- _Required work_: Output each entry that follows exactly. Images stay out.
### Stored data
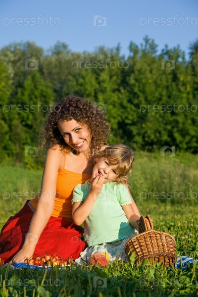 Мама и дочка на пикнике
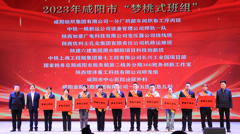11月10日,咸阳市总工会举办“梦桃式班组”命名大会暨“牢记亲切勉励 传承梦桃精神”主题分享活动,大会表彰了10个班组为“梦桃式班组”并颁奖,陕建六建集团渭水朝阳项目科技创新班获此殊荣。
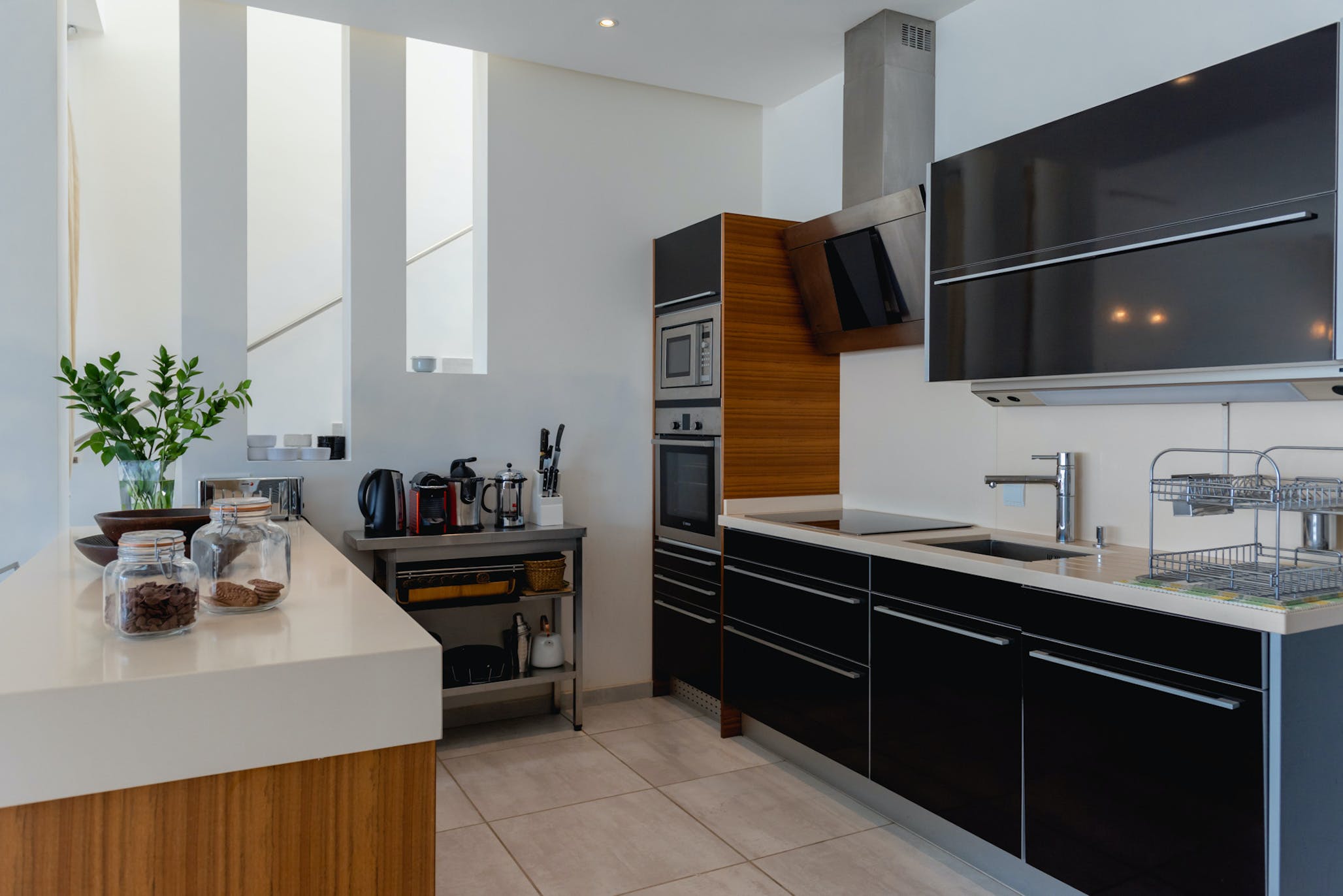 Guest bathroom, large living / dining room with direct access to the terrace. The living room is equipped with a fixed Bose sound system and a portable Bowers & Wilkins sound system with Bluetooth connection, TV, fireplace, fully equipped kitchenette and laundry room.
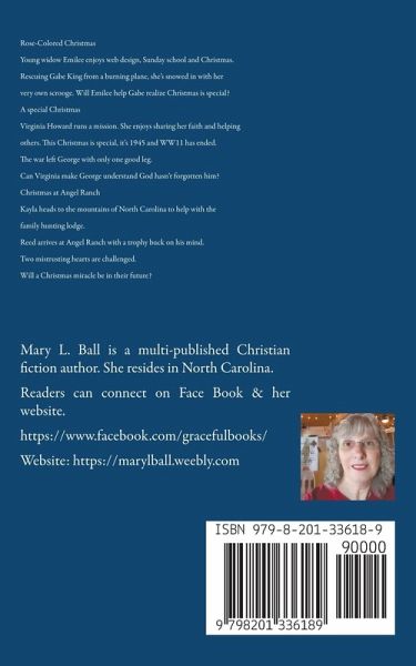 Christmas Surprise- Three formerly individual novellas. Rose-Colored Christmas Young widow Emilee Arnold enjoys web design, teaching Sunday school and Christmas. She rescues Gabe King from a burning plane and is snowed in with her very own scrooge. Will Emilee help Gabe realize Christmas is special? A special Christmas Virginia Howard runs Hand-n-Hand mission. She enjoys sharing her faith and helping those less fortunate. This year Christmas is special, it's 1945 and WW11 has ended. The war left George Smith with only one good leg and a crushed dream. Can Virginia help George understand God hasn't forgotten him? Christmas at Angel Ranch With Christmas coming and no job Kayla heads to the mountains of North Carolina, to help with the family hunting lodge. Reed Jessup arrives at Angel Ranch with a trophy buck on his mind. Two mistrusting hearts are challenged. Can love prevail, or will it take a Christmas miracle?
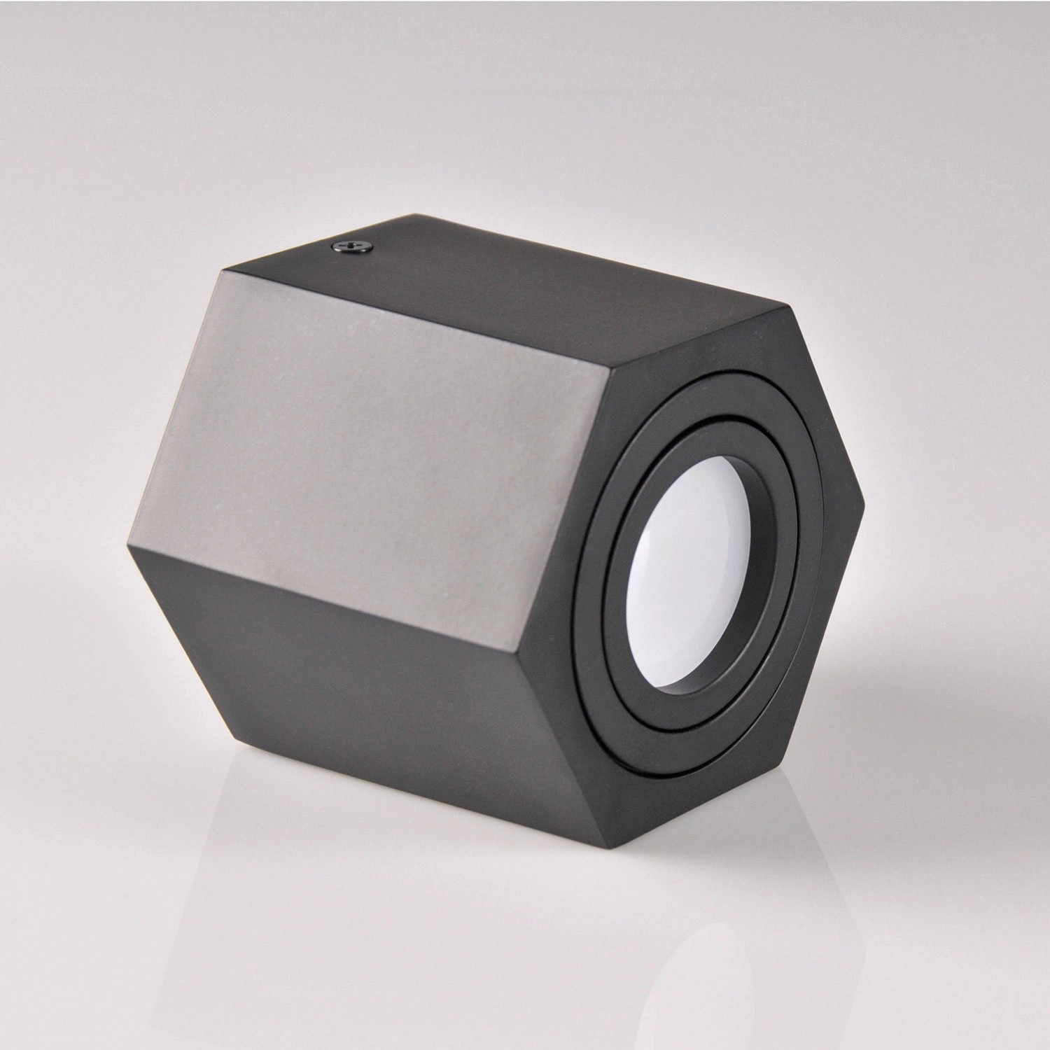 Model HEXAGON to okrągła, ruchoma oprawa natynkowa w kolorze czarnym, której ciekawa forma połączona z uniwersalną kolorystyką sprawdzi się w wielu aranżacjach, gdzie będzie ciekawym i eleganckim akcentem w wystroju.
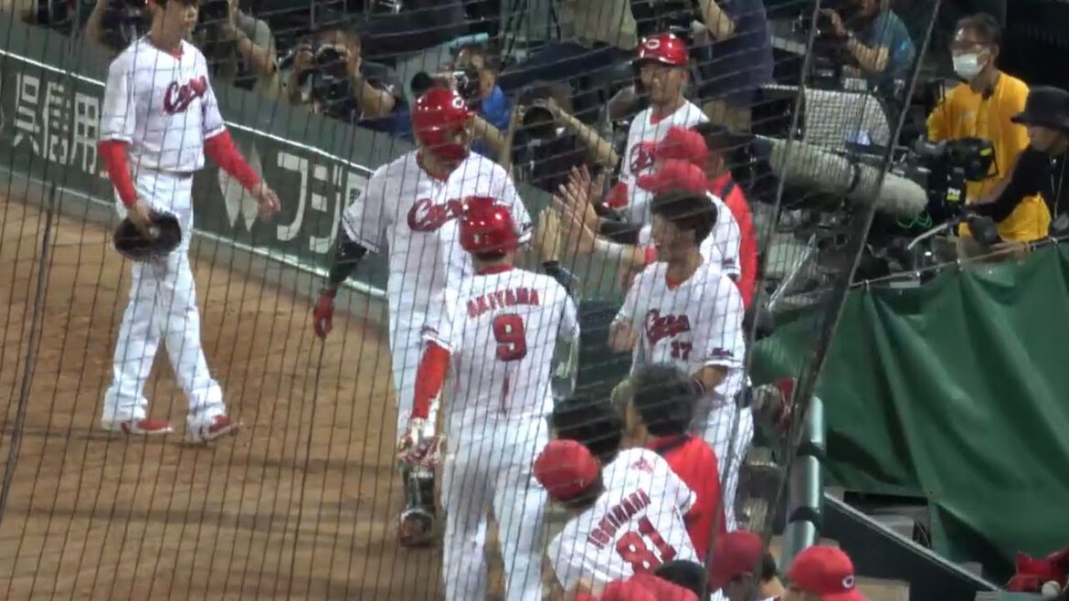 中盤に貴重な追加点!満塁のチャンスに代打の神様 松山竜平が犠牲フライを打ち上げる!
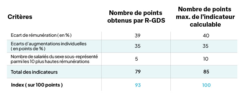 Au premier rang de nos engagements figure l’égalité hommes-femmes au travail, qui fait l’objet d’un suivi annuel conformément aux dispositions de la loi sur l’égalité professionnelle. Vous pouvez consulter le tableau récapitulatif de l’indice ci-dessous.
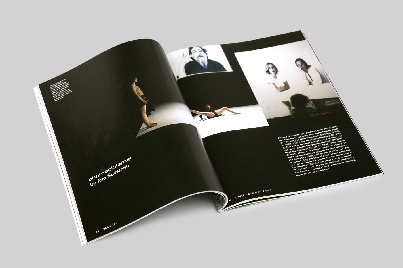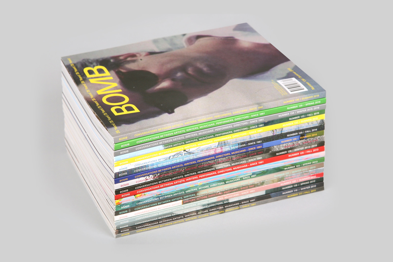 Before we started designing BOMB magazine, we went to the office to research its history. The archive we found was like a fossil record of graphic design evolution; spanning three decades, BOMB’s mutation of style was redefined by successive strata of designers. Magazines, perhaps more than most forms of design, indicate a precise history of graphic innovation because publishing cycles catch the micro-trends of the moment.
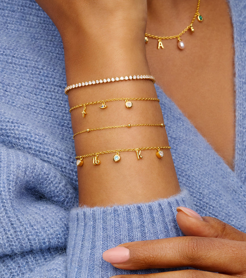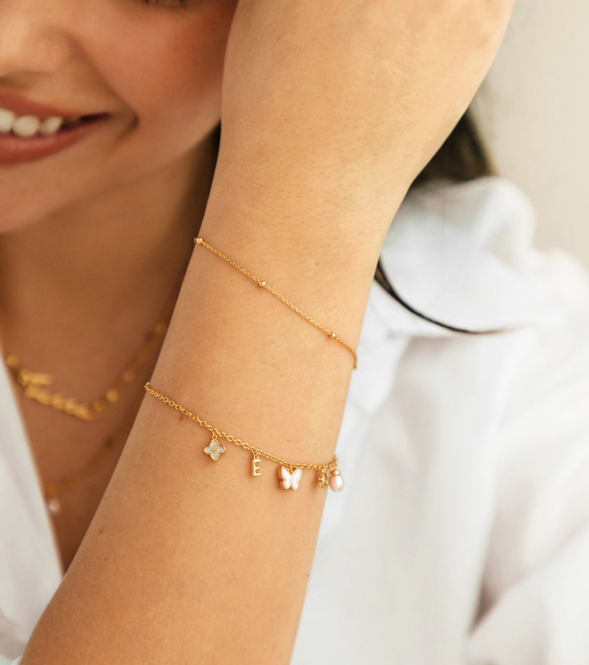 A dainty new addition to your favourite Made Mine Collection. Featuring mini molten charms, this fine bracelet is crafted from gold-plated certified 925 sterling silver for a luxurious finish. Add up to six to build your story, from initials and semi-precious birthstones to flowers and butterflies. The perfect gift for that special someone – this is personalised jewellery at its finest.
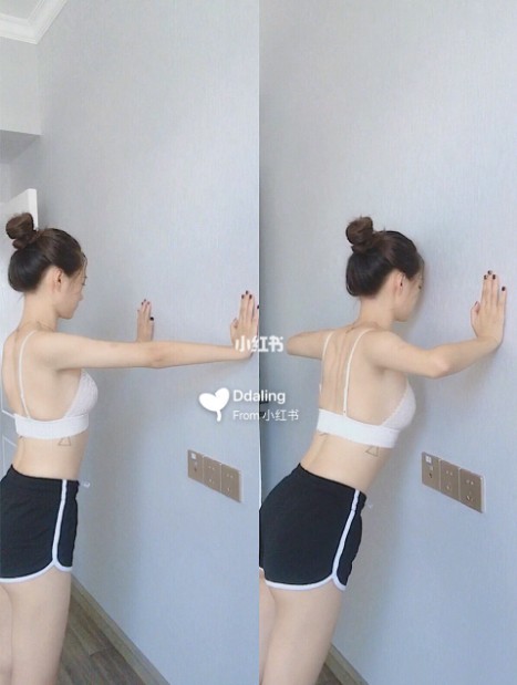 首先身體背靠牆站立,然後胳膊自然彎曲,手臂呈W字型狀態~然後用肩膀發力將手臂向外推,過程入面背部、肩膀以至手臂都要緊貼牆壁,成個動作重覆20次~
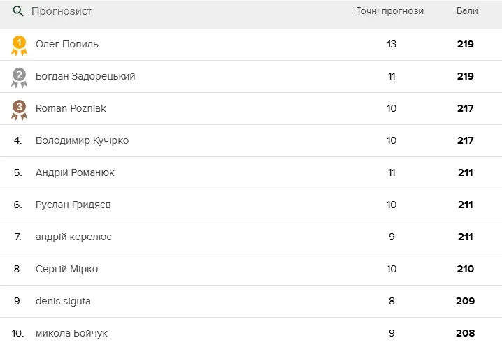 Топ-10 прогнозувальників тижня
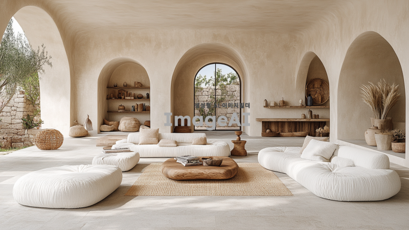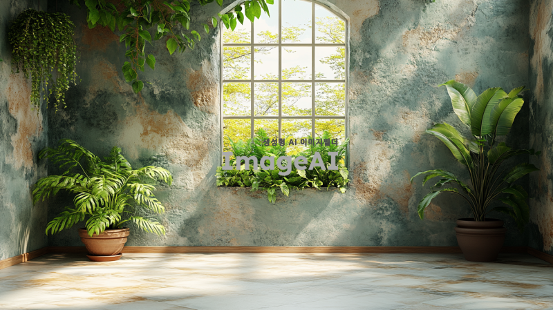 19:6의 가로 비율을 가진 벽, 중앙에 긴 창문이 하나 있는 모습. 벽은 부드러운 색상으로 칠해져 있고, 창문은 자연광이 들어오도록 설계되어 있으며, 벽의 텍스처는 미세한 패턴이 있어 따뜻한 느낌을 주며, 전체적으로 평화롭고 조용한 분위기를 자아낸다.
######
- _Exercise answer_:
 Мама и дочка на пикнике
11月10日,咸阳市总工会举办“梦桃式班组”命名大会暨“牢记亲切勉励 传承梦桃精神”主题分享活动,大会表彰了10个班组为“梦桃式班组”并颁奖,陕建六建集团渭水朝阳项目科技创新班获此殊荣。
 Guest bathroom, large living / dining room with direct access to the terrace. The living room is equipped with a fixed Bose sound system and a portable Bowers & Wilkins sound system with Bluetooth connection, TV, fireplace, fully equipped kitchenette and laundry room.
 Christmas Surprise- Three formerly individual novellas. Rose-Colored Christmas Young widow Emilee Arnold enjoys web design, teaching Sunday school and Christmas. She rescues Gabe King from a burning plane and is snowed in with her very own scrooge. Will Emilee help Gabe realize Christmas is special? A special Christmas Virginia Howard runs Hand-n-Hand mission. She enjoys sharing her faith and helping those less fortunate. This year Christmas is special, it's 1945 and WW11 has ended. The war left George Smith with only one good leg and a crushed dream. Can Virginia help George understand God hasn't forgotten him? Christmas at Angel Ranch With Christmas coming and no job Kayla heads to the mountains of North Carolina, to help with the family hunting lodge. Reed Jessup arrives at Angel Ranch with a trophy buck on his mind. Two mistrusting hearts are challenged. Can love prevail, or will it take a Christmas miracle?
 Model HEXAGON to okrągła, ruchoma oprawa natynkowa w kolorze czarnym, której ciekawa forma połączona z uniwersalną kolorystyką sprawdzi się w wielu aranżacjach, gdzie będzie ciekawym i eleganckim akcentem w wystroju.
 中盤に貴重な追加点!満塁のチャンスに代打の神様 松山竜平が犠牲フライを打ち上げる!
 Au premier rang de nos engagements figure l’égalité hommes-femmes au travail, qui fait l’objet d’un suivi annuel conformément aux dispositions de la loi sur l’égalité professionnelle. Vous pouvez consulter le tableau récapitulatif de l’indice ci-dessous.
 Before we started designing BOMB magazine, we went to the office to research its history. The archive we found was like a fossil record of graphic design evolution; spanning three decades, BOMB’s mutation of style was redefined by successive strata of designers. Magazines, perhaps more than most forms of design, indicate a precise history of graphic innovation because publishing cycles catch the micro-trends of the moment.
 A dainty new addition to your favourite Made Mine Collection. Featuring mini molten charms, this fine bracelet is crafted from gold-plated certified 925 sterling silver for a luxurious finish. Add up to six to build your story, from initials and semi-precious birthstones to flowers and butterflies. The perfect gift for that special someone – this is personalised jewellery at its finest.
 首先身體背靠牆站立,然後胳膊自然彎曲,手臂呈W字型狀態~然後用肩膀發力將手臂向外推,過程入面背部、肩膀以至手臂都要緊貼牆壁,成個動作重覆20次~
 Топ-10 прогнозувальників тижня
 19:6의 가로 비율을 가진 벽, 중앙에 긴 창문이 하나 있는 모습. 벽은 부드러운 색상으로 칠해져 있고, 창문은 자연광이 들어오도록 설계되어 있으며, 벽의 텍스처는 미세한 패턴이 있어 따뜻한 느낌을 주며, 전체적으로 평화롭고 조용한 분위기를 자아낸다.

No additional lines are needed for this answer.